**Data shown:**
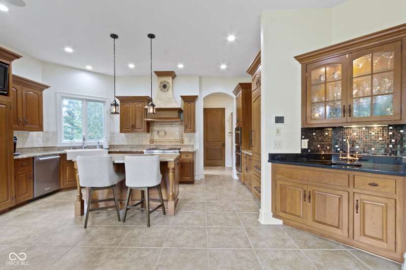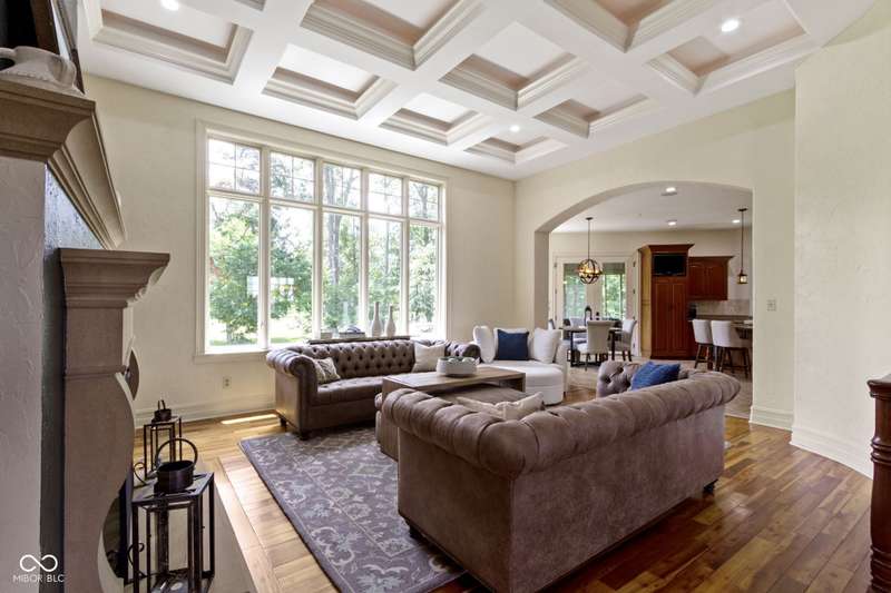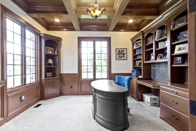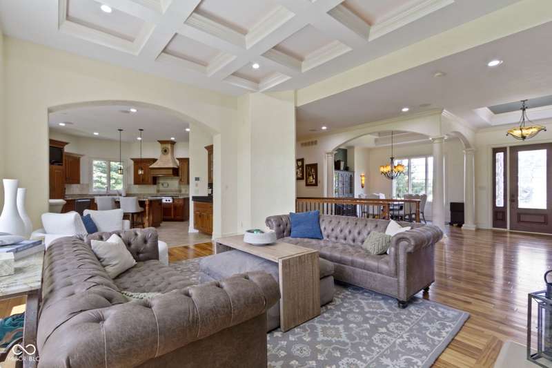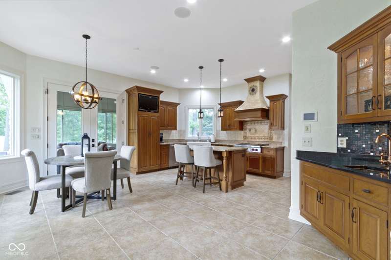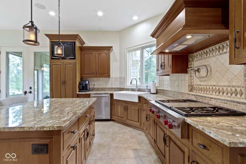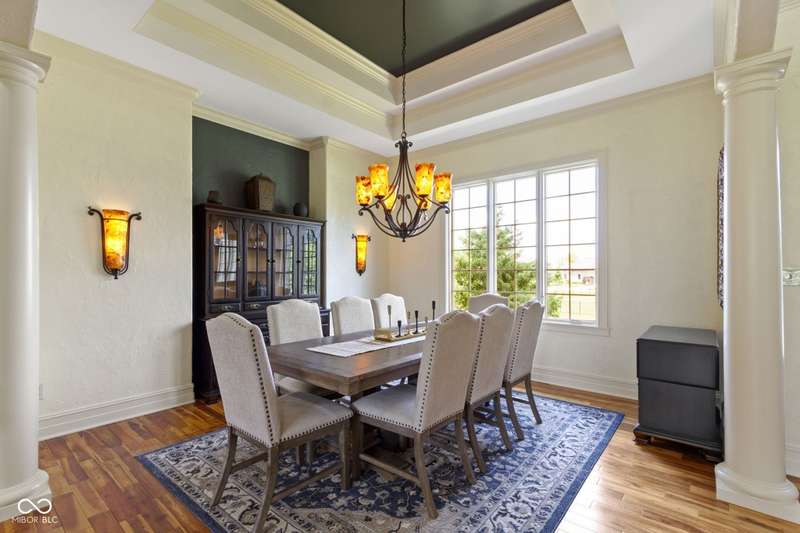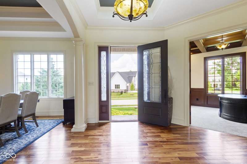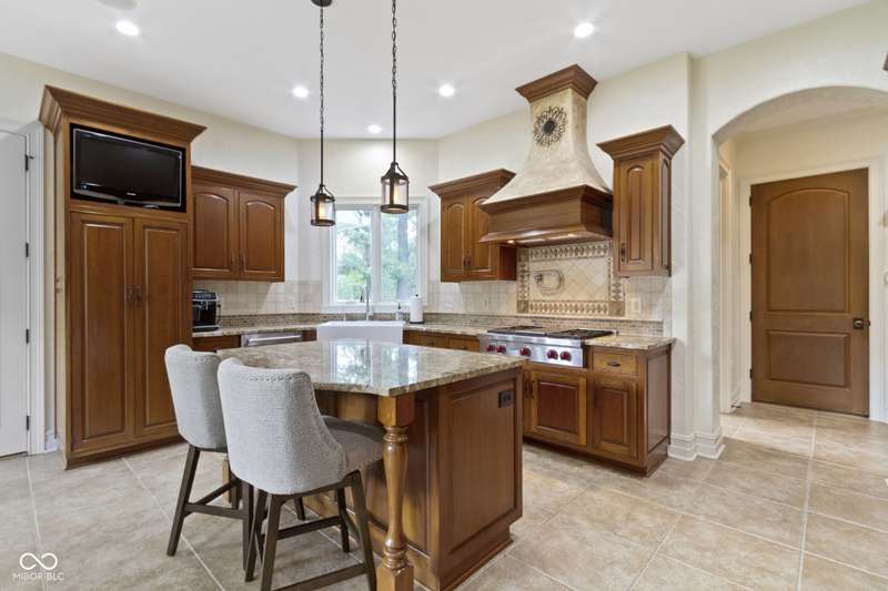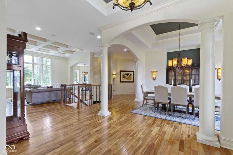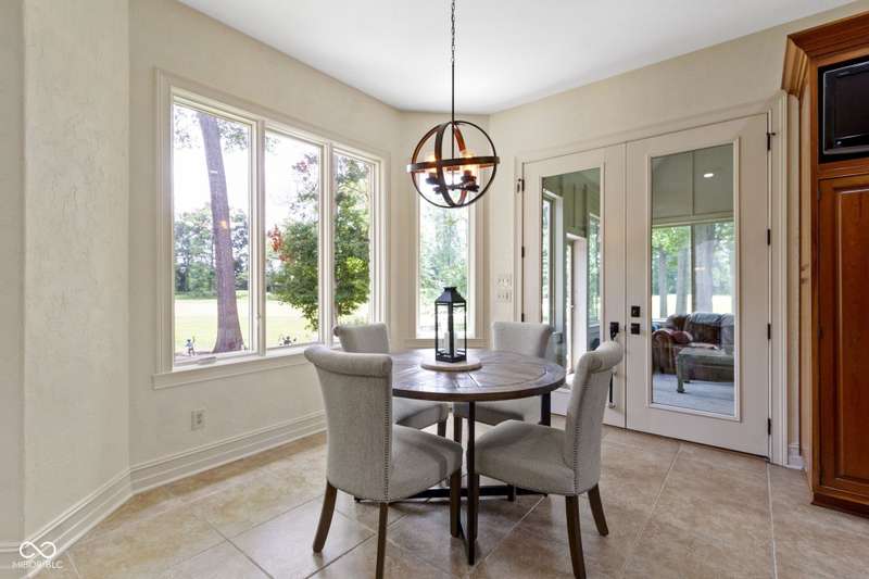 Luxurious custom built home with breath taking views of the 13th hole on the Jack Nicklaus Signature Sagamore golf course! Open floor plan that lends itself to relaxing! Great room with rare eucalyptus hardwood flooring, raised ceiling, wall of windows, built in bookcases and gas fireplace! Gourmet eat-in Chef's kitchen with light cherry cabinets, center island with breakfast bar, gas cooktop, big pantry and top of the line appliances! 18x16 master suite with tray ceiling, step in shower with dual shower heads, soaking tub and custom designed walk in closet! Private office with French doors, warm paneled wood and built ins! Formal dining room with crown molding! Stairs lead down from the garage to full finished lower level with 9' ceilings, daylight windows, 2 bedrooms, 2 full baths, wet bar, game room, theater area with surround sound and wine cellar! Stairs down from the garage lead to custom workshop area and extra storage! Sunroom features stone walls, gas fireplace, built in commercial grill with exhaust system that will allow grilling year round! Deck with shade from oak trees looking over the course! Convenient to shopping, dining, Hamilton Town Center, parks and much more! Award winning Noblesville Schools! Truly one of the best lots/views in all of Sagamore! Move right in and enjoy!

...

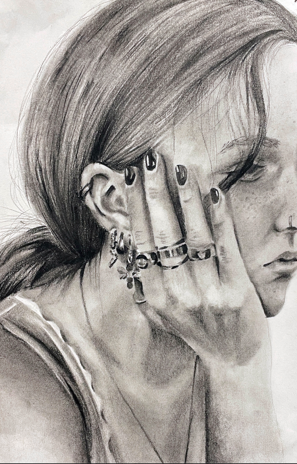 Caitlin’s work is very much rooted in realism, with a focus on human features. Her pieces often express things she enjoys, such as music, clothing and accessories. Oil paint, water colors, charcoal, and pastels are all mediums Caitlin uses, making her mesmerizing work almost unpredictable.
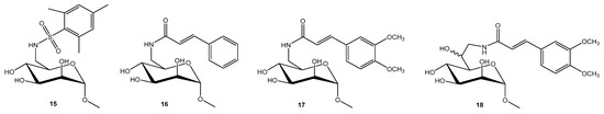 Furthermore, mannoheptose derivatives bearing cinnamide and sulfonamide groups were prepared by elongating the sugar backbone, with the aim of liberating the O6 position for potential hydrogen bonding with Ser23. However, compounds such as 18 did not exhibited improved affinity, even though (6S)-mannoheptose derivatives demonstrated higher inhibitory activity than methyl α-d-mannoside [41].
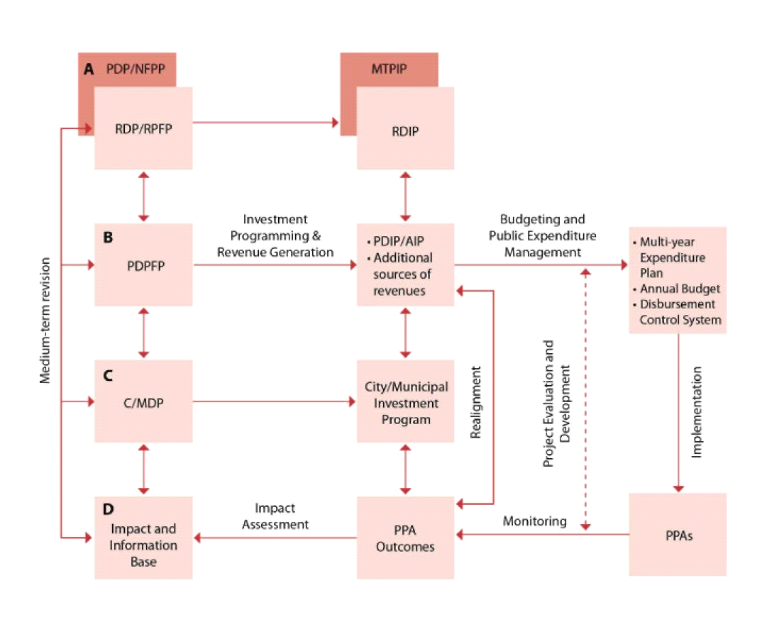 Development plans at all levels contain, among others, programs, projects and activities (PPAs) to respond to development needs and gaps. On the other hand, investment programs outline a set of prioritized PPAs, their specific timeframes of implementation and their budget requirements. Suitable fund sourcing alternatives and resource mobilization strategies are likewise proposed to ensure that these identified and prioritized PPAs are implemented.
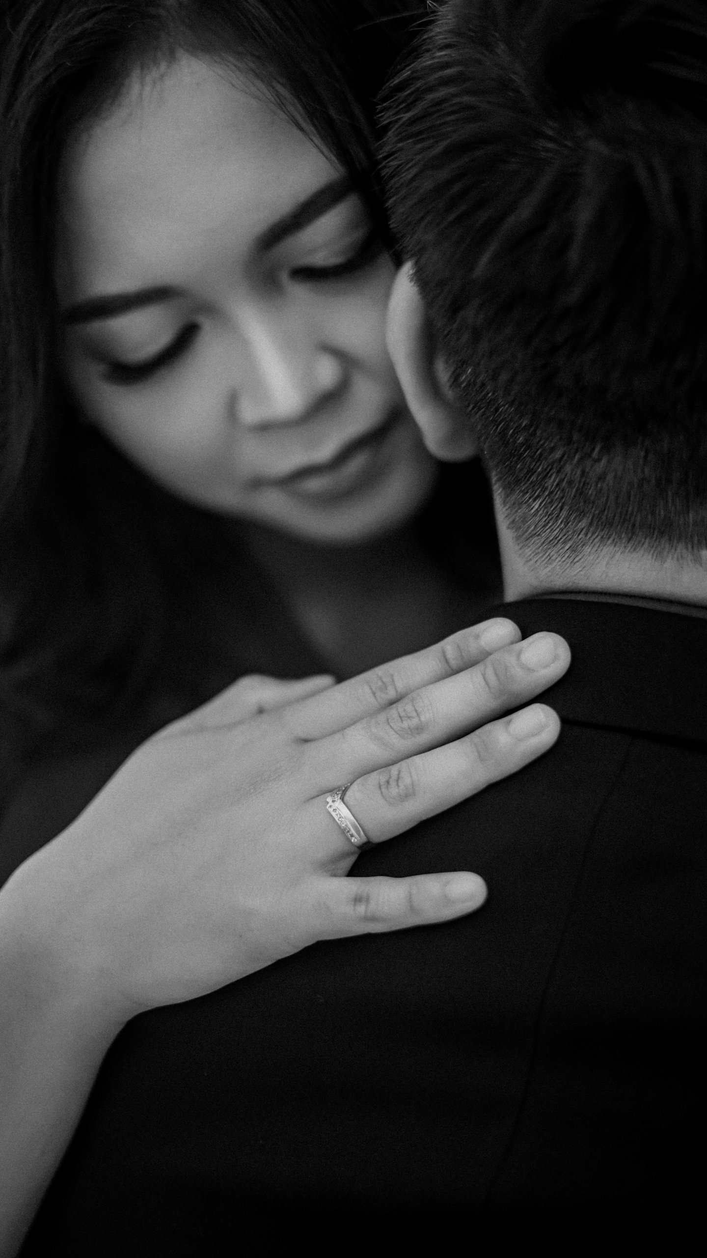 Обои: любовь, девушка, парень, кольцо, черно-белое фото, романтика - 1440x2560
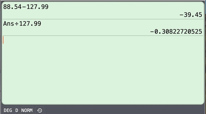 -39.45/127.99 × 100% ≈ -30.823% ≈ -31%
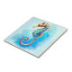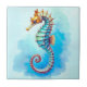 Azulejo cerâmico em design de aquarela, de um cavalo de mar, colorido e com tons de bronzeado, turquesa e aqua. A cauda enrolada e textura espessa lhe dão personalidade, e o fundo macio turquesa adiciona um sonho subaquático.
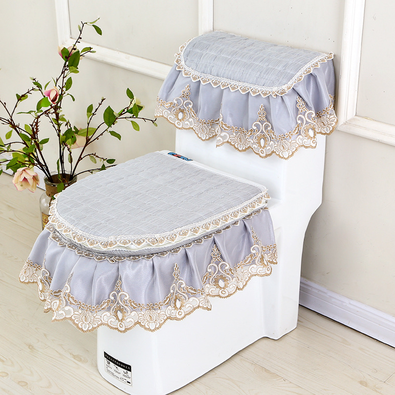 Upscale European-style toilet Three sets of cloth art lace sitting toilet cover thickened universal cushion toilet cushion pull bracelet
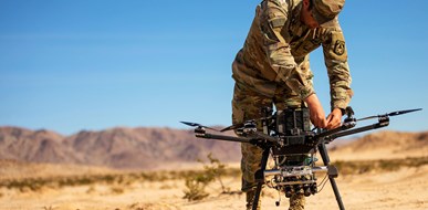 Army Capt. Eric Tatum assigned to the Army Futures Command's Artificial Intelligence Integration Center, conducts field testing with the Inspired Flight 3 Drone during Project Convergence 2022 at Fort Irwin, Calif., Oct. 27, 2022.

--

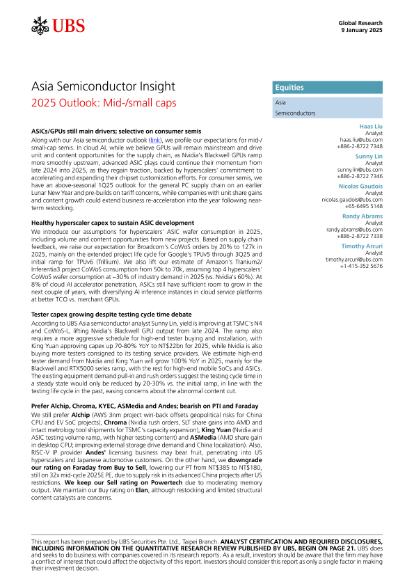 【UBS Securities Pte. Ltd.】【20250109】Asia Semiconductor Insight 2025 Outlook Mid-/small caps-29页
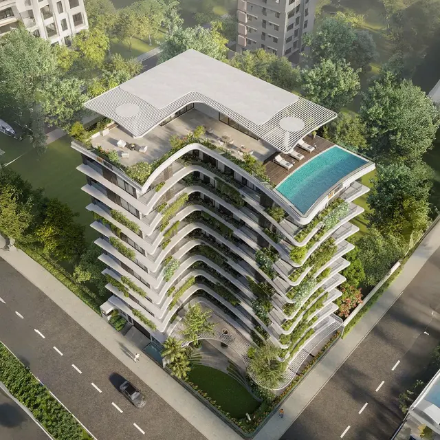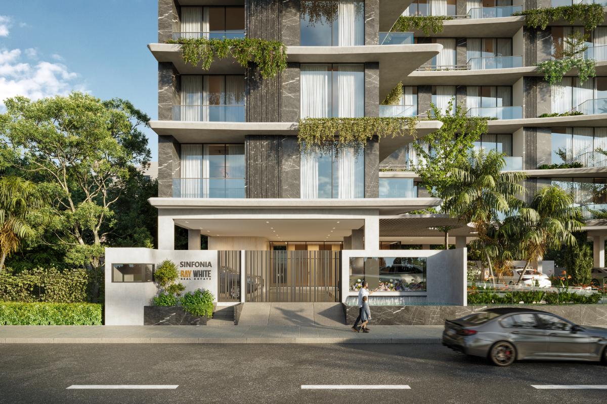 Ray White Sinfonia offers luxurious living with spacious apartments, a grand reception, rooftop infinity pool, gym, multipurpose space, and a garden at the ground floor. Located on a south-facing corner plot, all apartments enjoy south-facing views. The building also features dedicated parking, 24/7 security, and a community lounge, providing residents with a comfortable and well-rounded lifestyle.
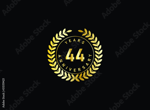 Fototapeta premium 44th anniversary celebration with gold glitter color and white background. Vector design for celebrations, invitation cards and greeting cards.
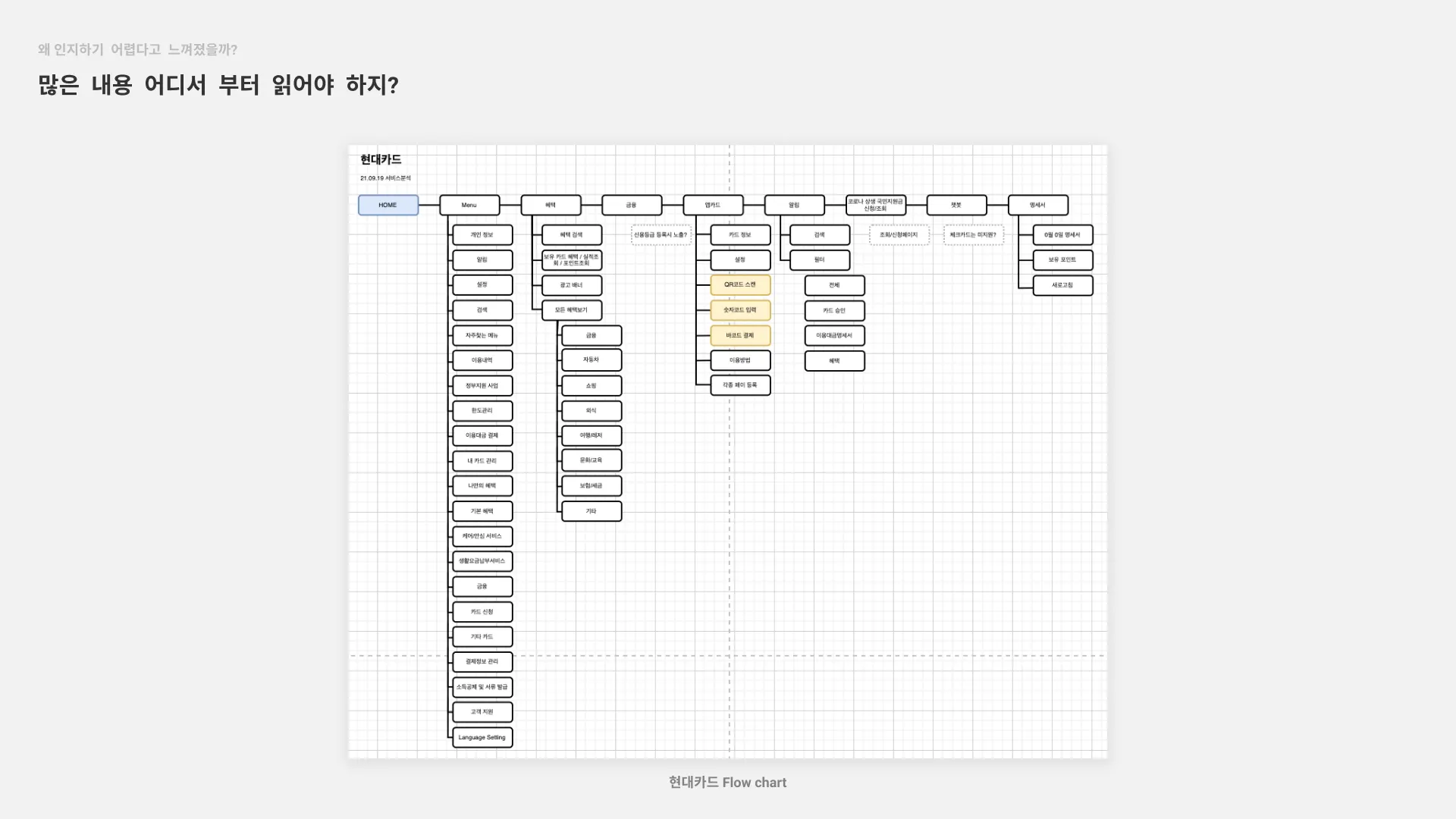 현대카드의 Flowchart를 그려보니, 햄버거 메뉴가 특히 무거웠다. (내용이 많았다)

**Problem details:**
Please output, exactly as written, the lines above from the one holding "Fototapeta premium 44th" through the one holding "현대카드의 Flowchart를 그려보니, 햄버거", both included, with the pictures omitted.

**Response:**
 Fototapeta premium 44th anniversary celebration with gold glitter color and white background. Vector design for celebrations, invitation cards and greeting cards.
 현대카드의 Flowchart를 그려보니, 햄버거 메뉴가 특히 무거웠다. (내용이 많았다)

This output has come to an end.